Op-Ed

Muslim ban: taking terrorist bait

Jason Belcher
Jason Belcher

Terrorism is a real threat and we need to take steps to defeat it. What we do not need is mass hysteria.

Americans living in the United States are as likely to be struck by lightning as they are to be killed by a terrorist attack. Terrorism is not an existential threat. Yet today, over half of Americans fear they will be attacked by a terrorist group.

The word terrorism is instructive; it works by instilling fear in mass groups of people. The horrific recent mass shooting in Orlando is an example; the shooter pledged allegiance to ISIS, giving the group the ability to use non-stop media coverage of the attack as free advertising. The attention after the attack is what it prizes most because it is bait.

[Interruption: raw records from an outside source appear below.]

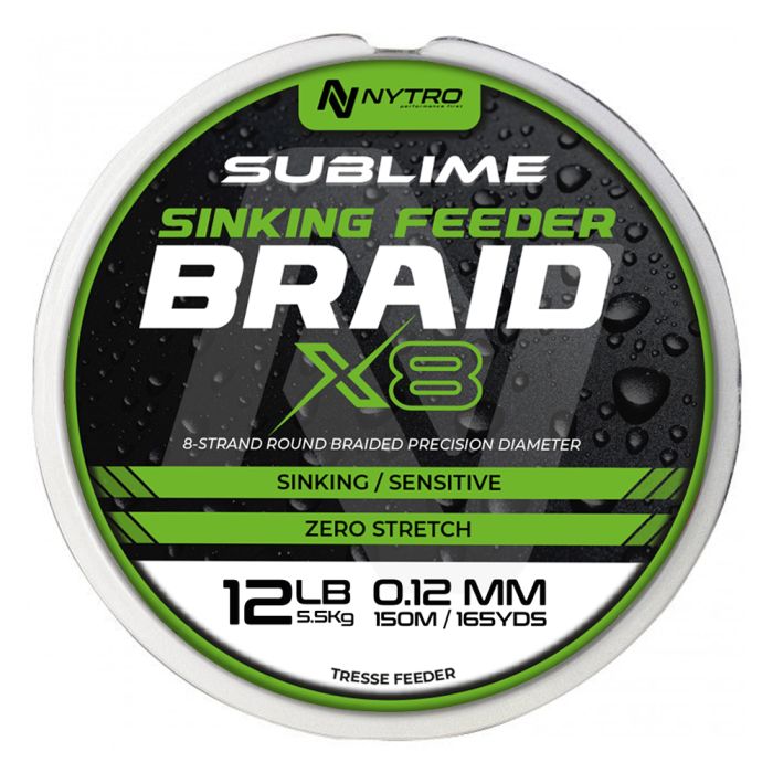 NYTRO SUBLIME X8 SINKING BRAID est une tresse coulante rapide 8 brins de haute qualit, conue spcifiquement pour la pche au feeder, grce a son pouvoir trs coulant, cette tresse 8 brins ronde, rgulire et a la surface lisse est de couleur fonce, elle offre peu d'tirement et une rsistance leve aux nuds, c'est certainement la tresse feeder la plus idale pour les pches longues distances ou alors de prcisions sur les touches compliques. Disponible en trois diamtres (0,08 0,10 et 0,12) pour les situations les plus courantes et sur des bobines de 150 m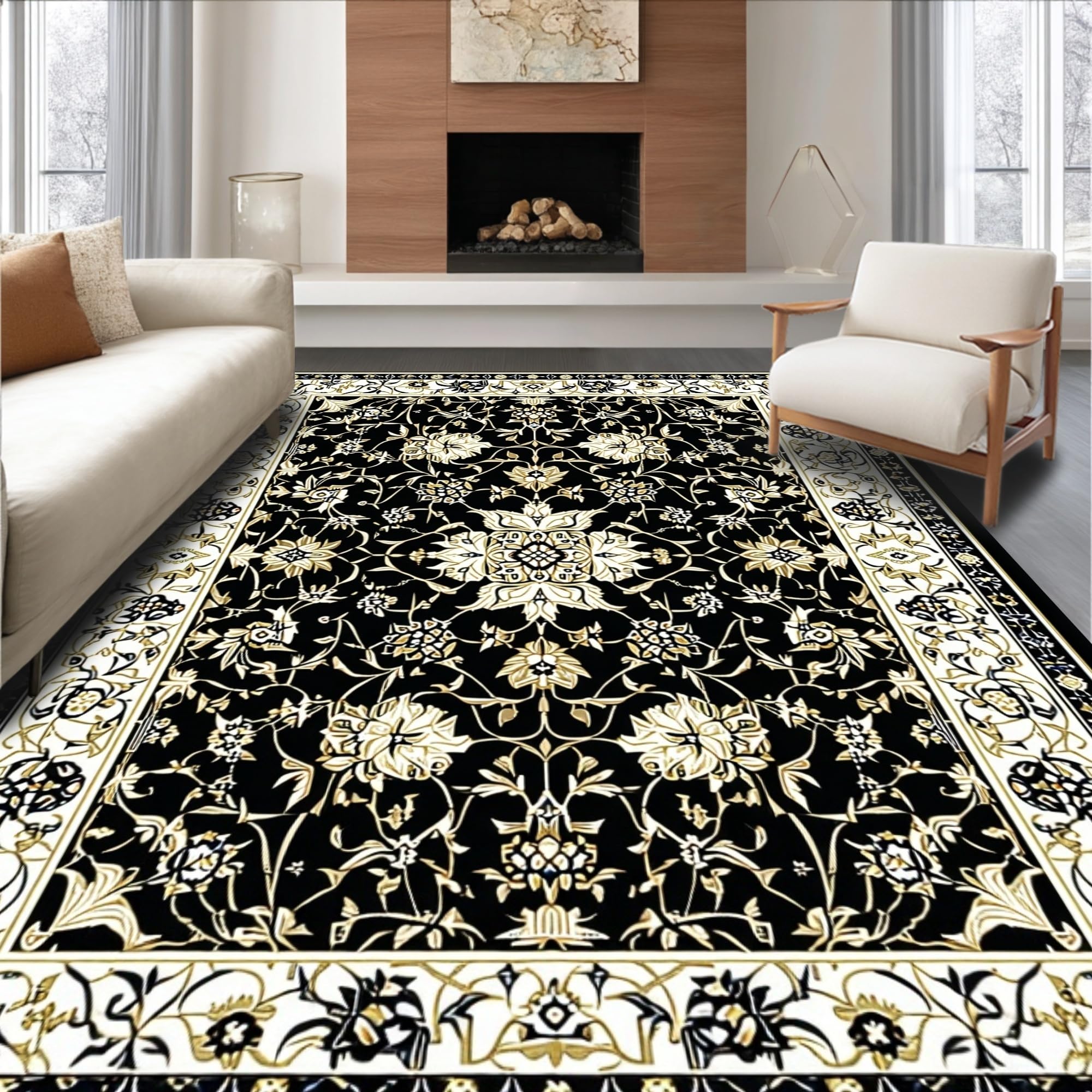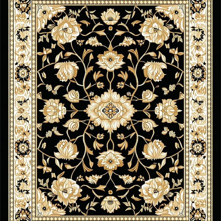 Dramatic Black and Gold Floral Fusion(Black)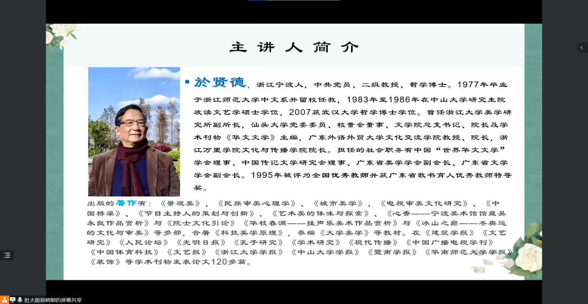 於贤德教授,武汉大学哲学博士,广东外语外贸大学文化交流学院教授、院长,中国“世界华文文学”学会理事、中国传记文学研究会理事,广东省美学学会副会长,广东省文学学会副会长。出版专著十余部,发表学术论文一百二十多篇。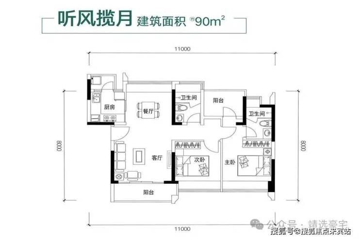 [精粹空间] 建面约88-90㎡经典人居产品,户型方正实用,户户朝南,超高使用率,超低梯户比,打造舒适居家尺度。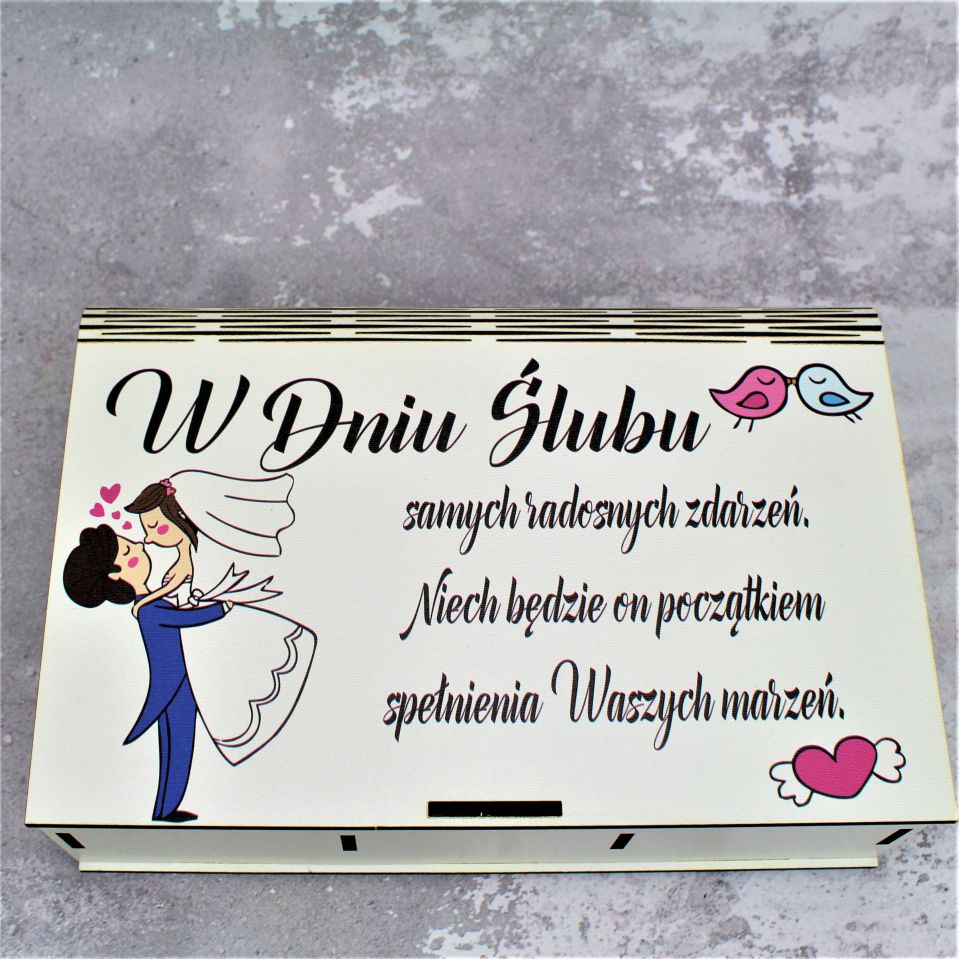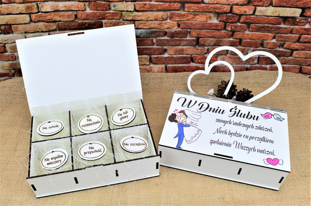 Ślub i Wesele to szczególny moment w życiu każdej pary. Oryginalny upominek podarowany prosto z serca, to idealny pomysł, by sprawić radość Młodej Parze. Jeśli właśnie zbliża się ten wyjątkowy dzień w życiu Twoich znajomych, rodzeństwa czy przyjaciół i nie masz pomysłu na prezent, proponujemy fantastyczną pamiątkę – kasetkę z kolorowym nadrukiem oraz żetonami, w której można ukryć pamiątkowe drobiazgi.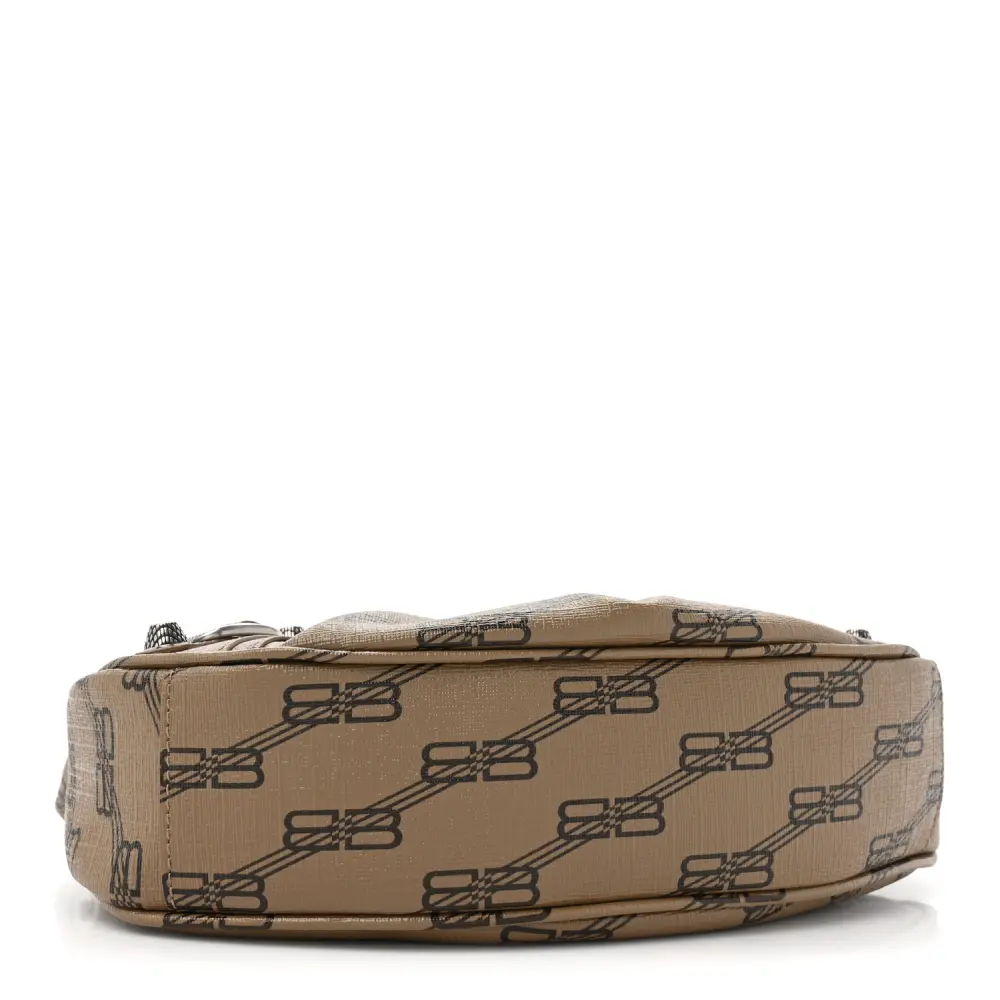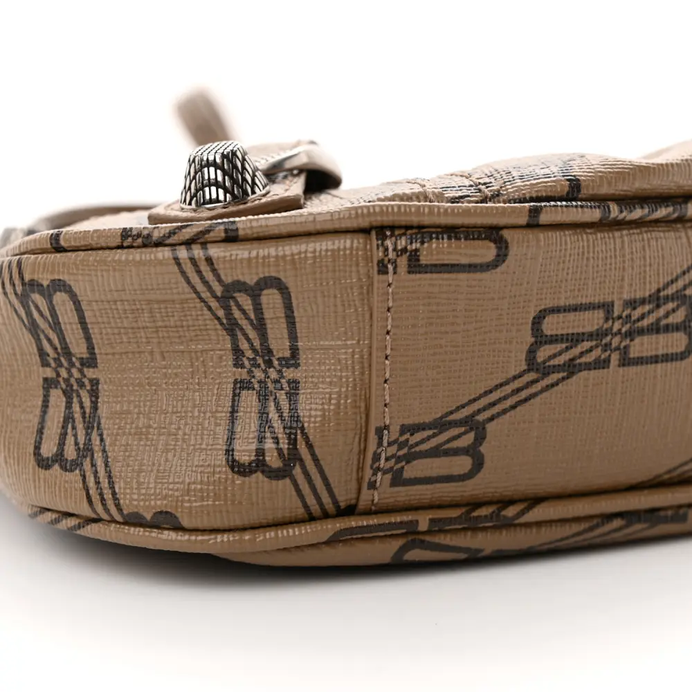 Balenciaga XS Le Cagole Shoulder Bag Beige/Brown Coated Canvas BB Monogram Silver Hardware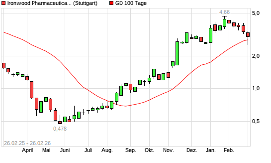 Mit dem Rücksetzer auf 2,74 EUR hat die Ironwood Pharmaceuticals-Aktie am 25.02.2026 die 100-Tage-Linie nach unten gekreuzt.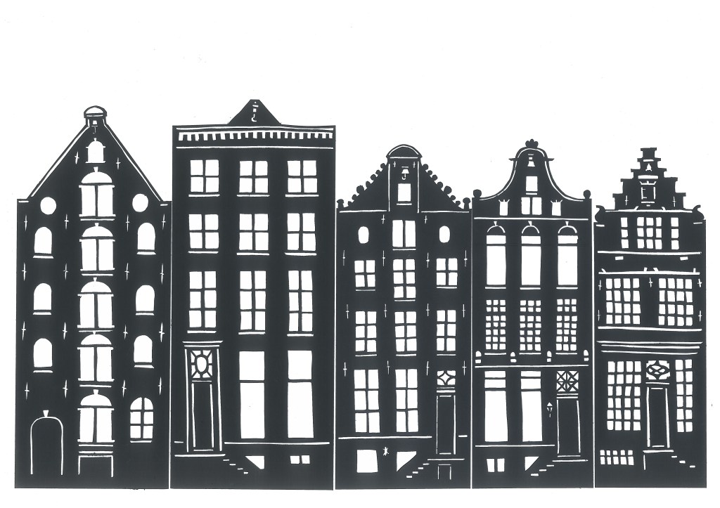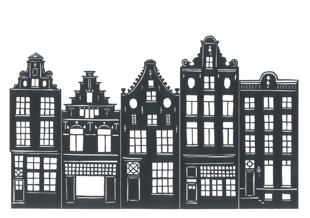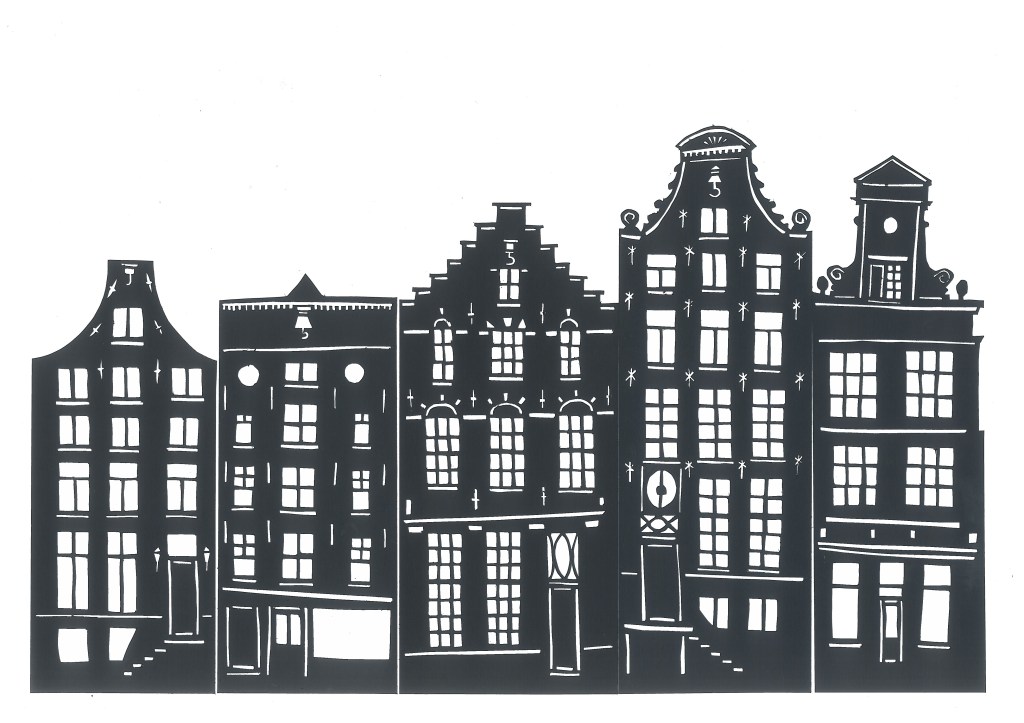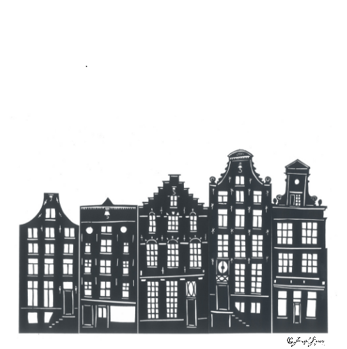 I stared making papercuts of the Amsterdam architecture back in 2008 when I received a craft knife with a swivel blade as a gift. I start with a single sheet of black paper and cut out the design with the tiny knife. In the pieces below, I chose different buildings from various places in the city and brought them together to make a new scene. I tired to include all the varying gable styles from different periods of the city’s history that are proudly displayed along Amsterdam’s seemingly endless rows of canals.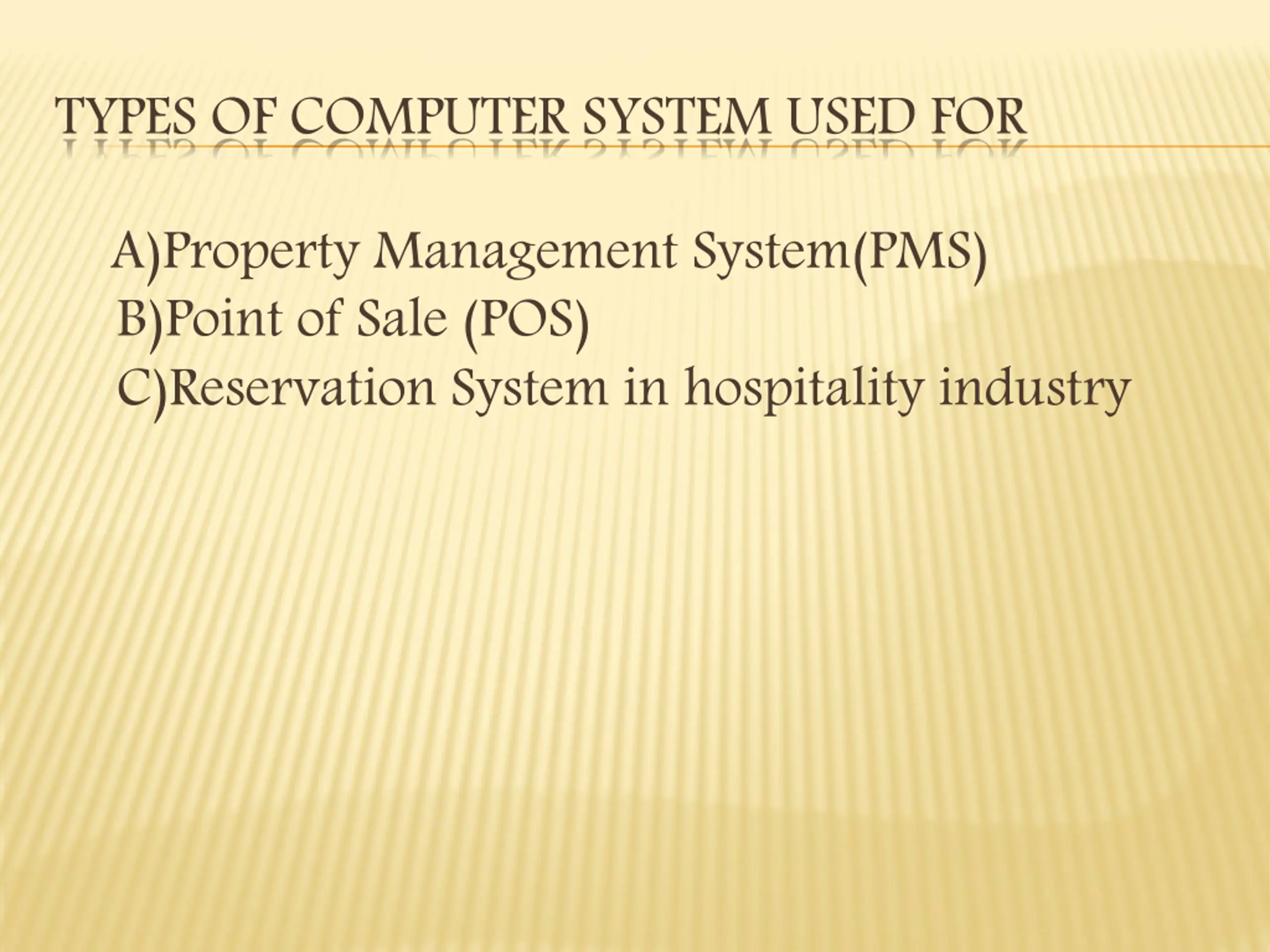 TYPES OF COMPUTER SYSTEM USED FOR A)Property Management System(PMS) B)Point of Sale (POS) C)Reservation System in hospitality industry

Calling for a total ban on all Muslims entering the U.S. is mindless hysteria that takes the bait.

There are over 2 million Muslims already living in this country. Since 9/11, Muslim attackers or people claiming to act in the name of Islam have killed fewer than 100 people (including Orlando); but during that same time, 180,000 Americans were murdered for non-terrorism reasons by non-Muslim killers.

Yet now we have the Republican Party’s presidential nominee calling for a ban on Muslims. ISIS wants western countries to persecute Muslims and engage in more wars abroad because they think those are steps which will lead to a final apocalyptic battle between the community of Islamic faithful and everyone else.

But while it wants to appear strong, in reality it is weak.

Like San Bernardino, the Orlando attack was inspired by ISIS, but not directly planned by the group. ISIS is resorting to appeals for individuals to carry out attacks on their own because it doesn’t have the capability or resources to plan and carry out any attacks against us directly.

It lacks that capability for two reasons: because our military, intelligence and law enforcement agencies have been successful at capturing or killing would be attackers abroad, and the overwhelming majority of the world’s Muslims have rejected its call for more attacks.

Not only that, the U.S. military has Muslim-Americans serving on active duty today. I served with them for 10 years here at home and in Iraq. A Muslim ban tells those service men and women — defenders of our country — that they are no different from ISIS. Such a ban is nothing less than a knife in the back to those who have fought to defend our country.

A person who would stick a knife in the back of our own military members does not deserve to be commander in chief.

Jason Belcher of Harold is an Iraq War veteran.